Saphnelo has not been studied in combination with other biologic therapies, including B-cell-targeted therapies. Therefore, use of Saphnelo is not recommended for use in combination with biologic therapies.

The most common adverse drug reactions (incidence 5% or more) include nasopharyngitis, upper respiratory tract infections, bronchitis, infusion related reactions, herpes zoster and cough (AstraZeneca, 2021b).

Systemic Lupus Erythematosus

Systemic lupus erythematosus (SLE) is a complex, chronic, potentially life-threatening, autoimmune disease that is characterized by immunologic abnormalities resulting in systemic inflammation affecting multiple organs such as the skin, joints, kidney, lungs and central nervous system.

The prevalence of SLE has been reported in the United States to be 20 to 150 cases per 100,000 (Schur and Hahn, 2021). SLE is more common in women than men by nearly 10 to 1. It may occur at any age. However, it appears most often in young women between the ages of 15 and 44 (NIH/NLM, 2021).

The etiology of SLE is unknown and is clearly multifactorial, but are thought to be related to genetic, immunologic, environmental, and hormonal factors (NIH/NLM, 2021; Schur and Hahn, 2021). SLE involves aberrations in multiple components of the immune system, which includes T-cells, B-cells, cytokines and production of antibodies, especially antinuclear antibodies (ANA) that are positive in the majority of individuals with active SLE. Antibodies to native double-stranded DNA (dsDNA) are relatively specific for the diagnosis of SLE (Bartels and Muller, 2021). 

SLE is hard to diagnose because the symptoms are often mistaken for those of other diseases. The 2019 European League Against Rheumatism (EULAR) and the American College of Rheumatology (ACR) include classification criteria for SLE which requires the presence of a positive antinuclear antibodies (ANA) as an entry criterion. Additive criteria consist of seven clinical (ie, constitutional, hematologic, neuropsychiatric, mucocutaneous, serosal, musculoskeletal, renal) and three immunologic (ie, antiphospholipid antibodies, complement proteins, SLE-specific antibodies) domains, each of which are weighted from 2 to 10. Patients accumulating 10 or more points are classified as having SLE (Aringer et al., 2019). There is no cure for SLE, but symptoms can be managed (CDC, 2021).

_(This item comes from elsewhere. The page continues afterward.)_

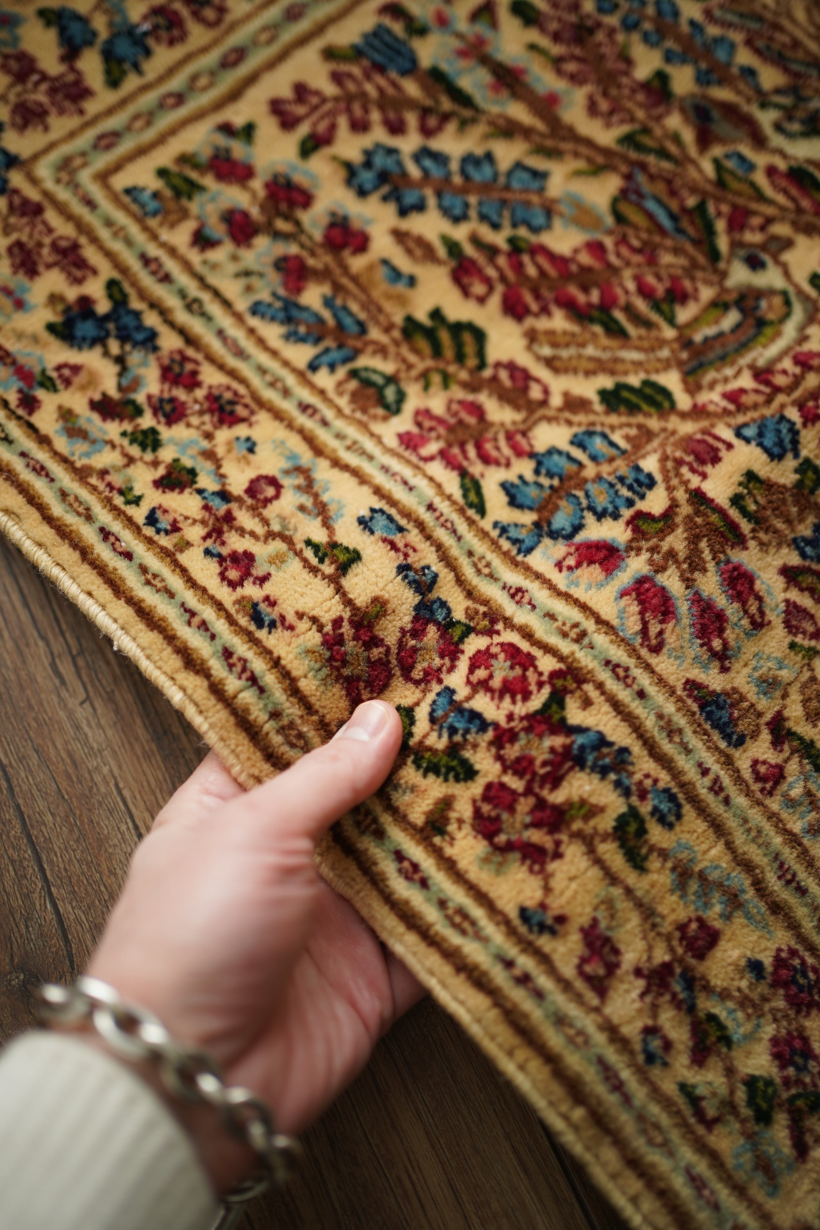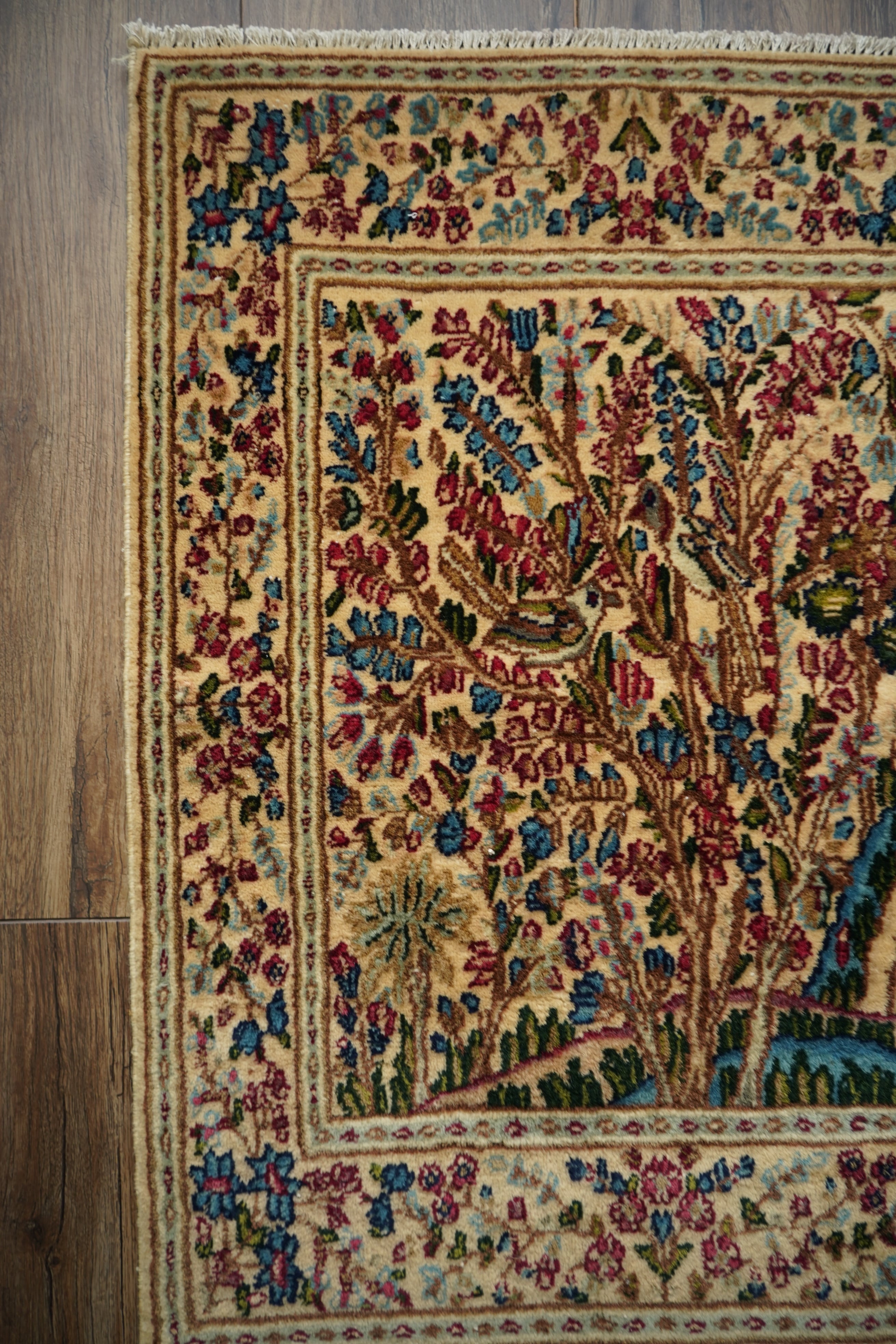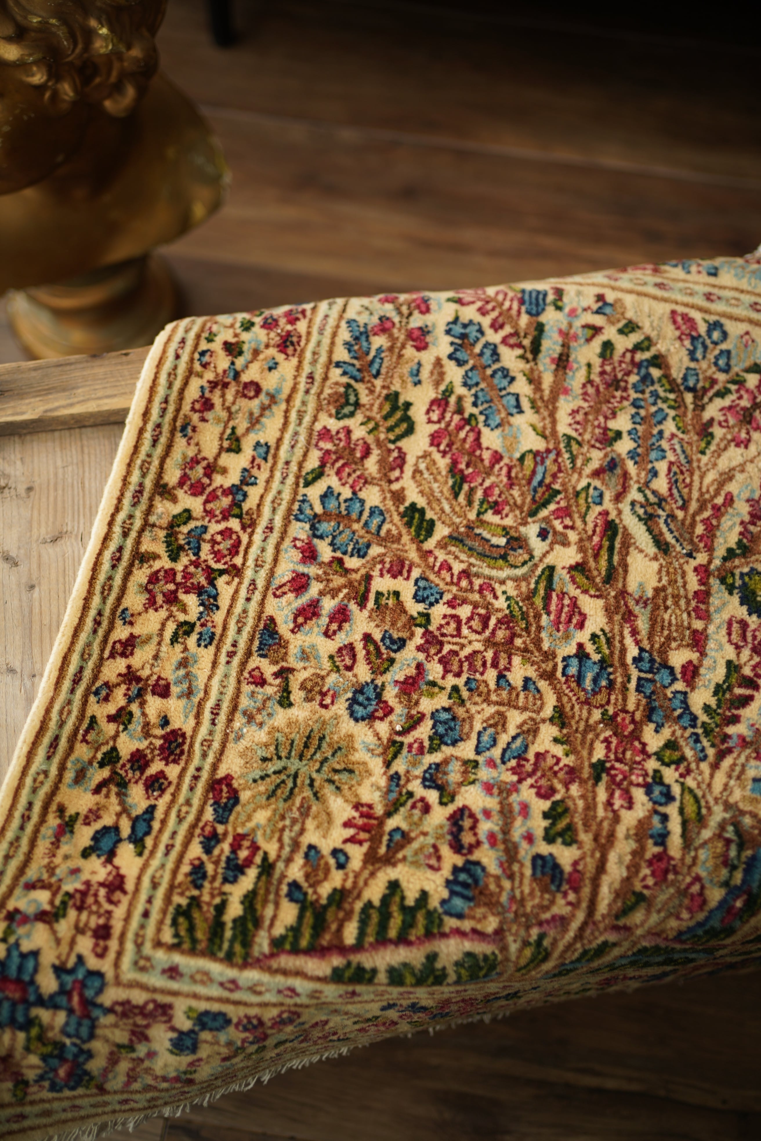 イラン南東部に位置するケルマンで、今から約30年前に織られたヴィンテージラグです。繊細で優雅な植物文様が全面に散りばめられ、よく見ると中央の植物の枝には可愛らしい小鳥が2羽織り込まれており、自然の風景を切り取ったような美しい一枚です。ベースは柔らかなクリーム色。そこに暗い紫、マゼンタ、ブラウン、水色、コバルトブルーなどの色彩が重なり、華やかさの中にも気品を感じる雰囲気。パイルはふわサラッとした、柔らかな肌触りをしています。1cmほどの厚みがあり扱いやすい質感です。ダメージなども見受けられずパーフェクトなコンディション。小ぶりなサイズのため、玄関やベッドサイドをはじめ、タペストリーとしても大変素敵かと思います。

On August 2, 2021, the U.S. FDA approved anifrolumab, brand name Saphnelo (AstraZeneca Pharmaceuticals LP), for the treatment of adult patients with moderate to severe systemic lupus erythematosus (SLE) who are receiving standard therapy. FDA approval was based on the efficacy and safety data from TULIP-1 (NCT02446912), TULIP-2 (NCT02446899) Phase III trials and the MUSE (NCT01438489) Phase II trial. All three trials were randomized, double-blinded, and placebo-controlled in patients (18 years of age and older) with moderate to severe SLE, with a SLE Disease Activity Index 2000 (SLEDAI-2K) score 6 or more points, organ level involvement based on BILAG assessment, and a Physician’s Global Assessment [PGA] score of 1 or more who were receiving standard therapy, which included at least one of the following: oral corticosteroids (OCS), antimalarials and immunosuppressants (methotrexate, azathioprine or mycophenolate mofetil). Patients continued to receive their existing SLE therapy at stable doses during the clinical trials, with the exception of OCS (prednisone or equivalent) where tapering was a component of the protocol. Patients who had severe active lupus nephritis and patients who had severe active central nervous system lupus were excluded. The use of other biologic agents and cyclophosphamide were not permitted during the trials; patients receiving other biologic therapies were required to complete a wash-out period prior to enrollment. In all three trials, patients received anifrolumab-fnia or placebo, administered by intravenous infusion, every 4 weeks for 52 weeks. The outcomes for these trials found that more patients treated with anifrolumab-fnia experienced a reduction in overall disease activity across organ systems, including skin and joints, and achieved sustained reduction in OCS use compared to placebo, with both groups receiving standard therapy (AstraZeneca, 2021a, 2021b).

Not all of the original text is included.